Blind and driving: the debate over who should use driverless cars
A group has asked California's DMV to drop rules that require a licensed driver to be aboard every driverless car.
SACRAMENTO, Calif. (WDRB) -- Blind from birth, Jessie Lorenz has been looking forward to the day when driverless cars let her give her 4-year-old daughter a ride to school.
"We have a running bet in my family: who is going to drive first. Me or my kid," Lorenz said during a hearing at California's Department of Motor Vehicles. "Please don't leave my family out in the waiting room."
She was there among representatives for billion dollar businesses and powerful trade groups. All have asked California's DMV to drop rules that require a licensed driver to be aboard every driverless car.
Google officials say the cars they're developing will not have a place for a driver.

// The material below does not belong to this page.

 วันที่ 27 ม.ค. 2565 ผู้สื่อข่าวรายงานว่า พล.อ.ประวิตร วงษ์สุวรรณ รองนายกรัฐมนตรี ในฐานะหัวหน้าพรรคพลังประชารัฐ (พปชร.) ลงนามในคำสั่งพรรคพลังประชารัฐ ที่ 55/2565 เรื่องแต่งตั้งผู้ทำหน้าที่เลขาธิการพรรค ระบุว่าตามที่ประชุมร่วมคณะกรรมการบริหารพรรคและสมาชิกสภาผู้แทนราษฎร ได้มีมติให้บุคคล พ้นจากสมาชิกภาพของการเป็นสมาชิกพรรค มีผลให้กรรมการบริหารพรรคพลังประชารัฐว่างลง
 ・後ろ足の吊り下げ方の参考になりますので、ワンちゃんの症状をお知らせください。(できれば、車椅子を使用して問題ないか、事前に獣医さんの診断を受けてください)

"On the basis of the DMV's proposed regulation we are discussing here today [Friday], it will not be available in California," Chris Urmson, a Google representative, said.
But the California DMV is not yet ready to trust driverless cars on their own.

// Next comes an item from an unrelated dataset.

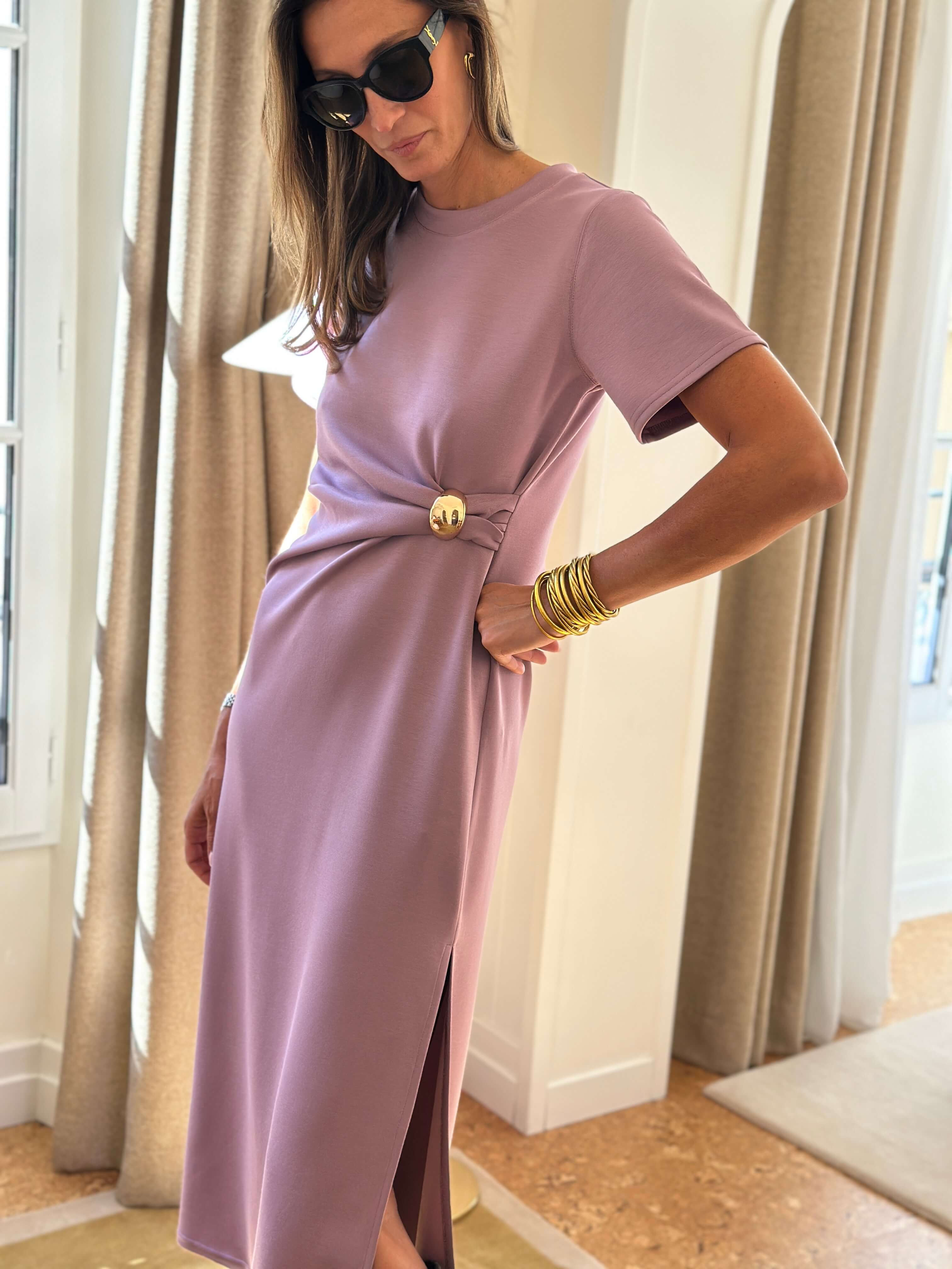 We love his ultra-flattering straight cut, her detail of gold buckle which subtly cinches the waist, and its fluid and stretchy material which fits perfectly on the body without clinging.

"The purpose for that is simply safety. We want to make sure, this is such a new technology, if something were to disengage, if something were to go wrong, there's a real life human being in the car that can take over," Jaime Garza, a representative for the California DMV, said.
The department also suggested that driverless cars should only be made available for lease at first. That way, if there's a change to regulations or safety issues, a private owner won't be stuck with a car they can't use.